ISE 2020

Review - Der erste Tag

Amsterdam | Von den drei Cs (Corona, China und Ciara aka Sabine) war eindeutig die Auswirkungen des Wintersturms auf die Anreise das dominierende Thema auf dem ISE-Showfloor. Insbesondere am Vormittag war es im Vergleich zum Vorjahr ruhiger. Nachmittags füllten sich die Hallen und die Stimmung war weitgehend gut.
Volle ISE-Stände auch bei chinesischen LED-Anbietern (Foto: invidis)
Volle ISE-Stände auch bei chinesischen LED-Anbietern (Foto: invidis)

Auch wenn die ISE 2020 keine Rekord-Wiesn Rekord-ISE wird, die Gänge und Messestände waren gut gefüllt.
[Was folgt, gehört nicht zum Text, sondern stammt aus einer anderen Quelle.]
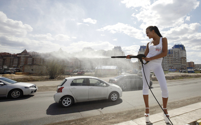 ترويج بالمياه ( رويترزمندوبة مبيعات في معرض سيارات تقف على جانب الطريق حاملة بين يديها خرطوم مياه ترش به المركبات المارة وذلك في إطار عمل ترويجي للمعرض السنوي بمدينة سيبيريا الروسية، الذي يعتبر أكبر مهرجان سنوي للسيارات يقام سنوياً في سيبيريا. )
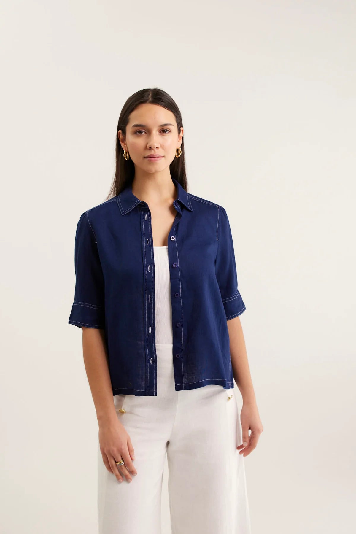 100% LinenNavyCollared, Button Down ShirtShort, Puff SleeveCold, gentle hand wash
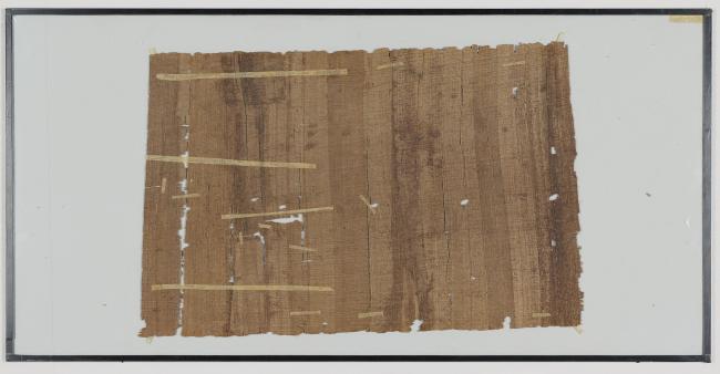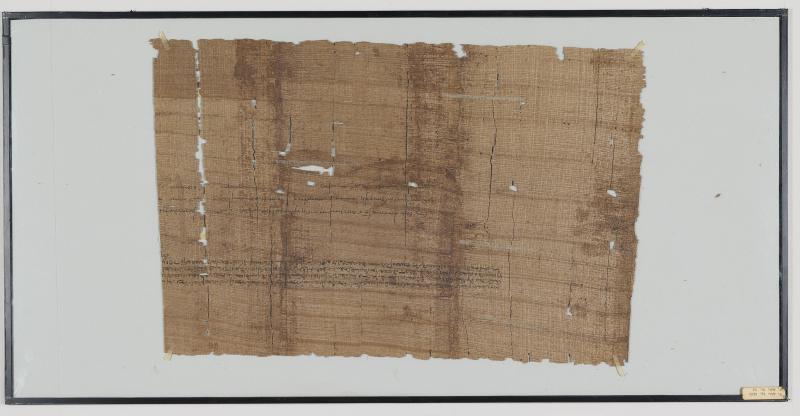 1 pane of glass containing 1 papyrus fragment ; 13 x 20 inches
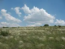 The sky over the feather grass-covered steppe in Ukraine. *Dyḗus ph₂tḗr has been translated as "father daylight-sky-god" | |
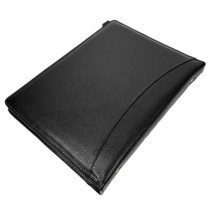 Папка с кольцами для документов, тиснение рептилия, цвет черный, натуральная кожа
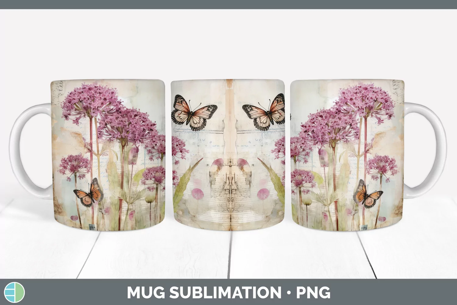 Vintage Allium Flowers Mug Wrap | Sublimation Coffee Cup Des
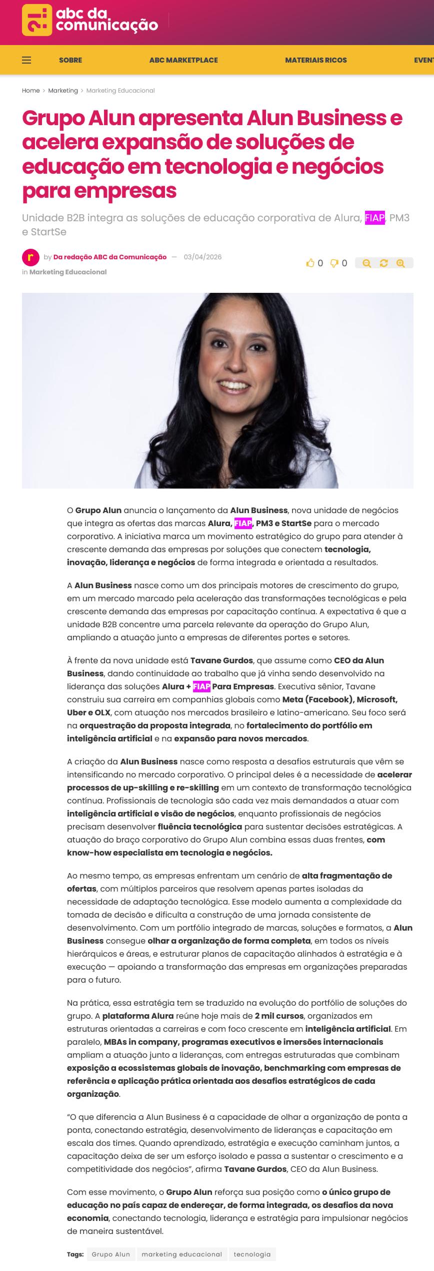 ABC da Comunicação – NOTÍCIAS (GRUPO ALUN APRESENTA ALUN BUSINESS E ACELERA EXPANSAO DE SOLUCOES DE EDUCACAO EM TECNOLOGIA E NEGOCIOS PARA EMPRESAS – FIAP)
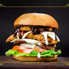 Carne, pollo spicy, salsa bbq, aros de cebolla, lechuga, tomate, cebolla, queso suizo, aderezo ranch y mayonesa
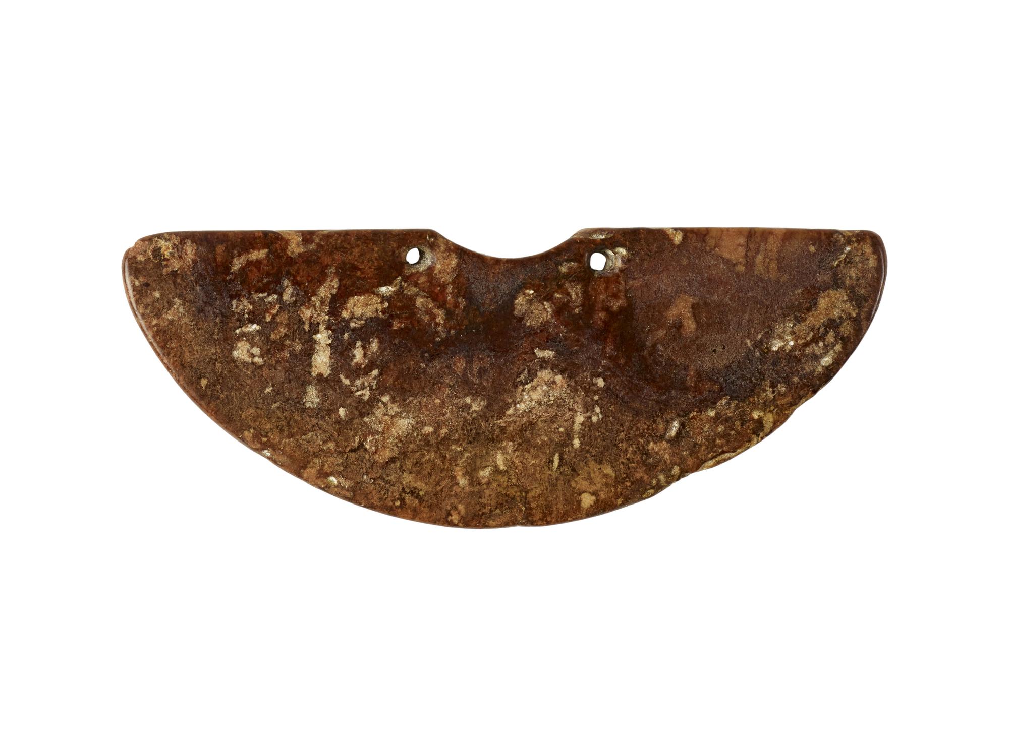 Placca ornamentale di forma semicircolare in nefrite bruna, probabilmente veniva posta sotto il naso nelle maschere funerarie
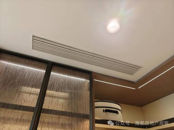 最明显的一点就是除了客厅、卧室之外,你在 厨房、卫生间、衣帽间 等几乎所有空间都可以看到有出风口,
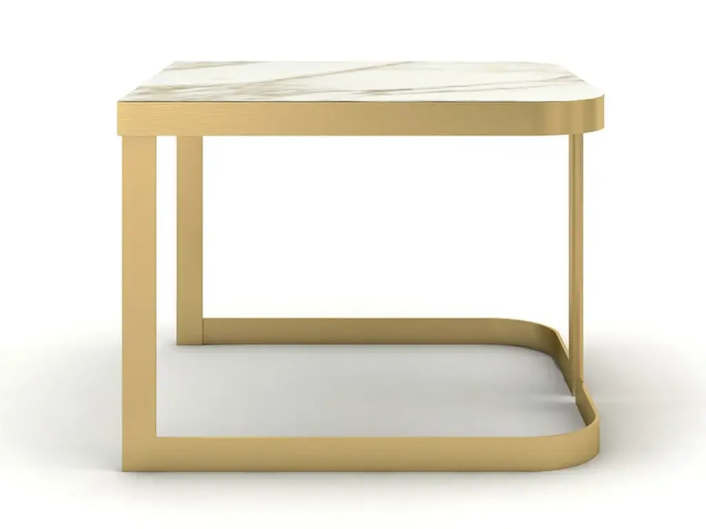 In keeping with the simple linear forms of the Krusin Chair series, the new Krusin Occasional Tables serve up clean, graceful lines in a range of finishes and table top options. The Krusin End Table with Marble Top is constructed of an angular frame in select American and European hard woods, featuring dowel and mortise & tenon joinery. The cross-base footing provides a dimensional, shadowing effect at the bottom of the table frame. Marble table tops rest within the frame and are made of 0.75” thick coated marble in a polished or satin polyester coating. Select Arabescato White-Grey Marble or Calacatta White-Grey Marble table top. Then select from 15 base finishes.

Die Stimmung unter den Anwesenden war besser denn je – anscheinend verbindet die unruhige Vorphase der ISE. Auch die vielen Abenteuer der Anreise und die ungewohnten Begrüßungsrituale (No-Handshake Policy) verbinden mehr als das sie trennen.

Leere Standflächen waren kaum zu erkennen, mit der Ausnahme von LG. Der wohl prominentesten Freifläche der ProAV und Digital Signage Geschichte.

Ein Vorteil der diesjährigen ISE – Aufgrund einiger Absagen sind noch Gesprächstermine verfügbar. Effizienter war ein ISE Besuch schon lange nicht mehr.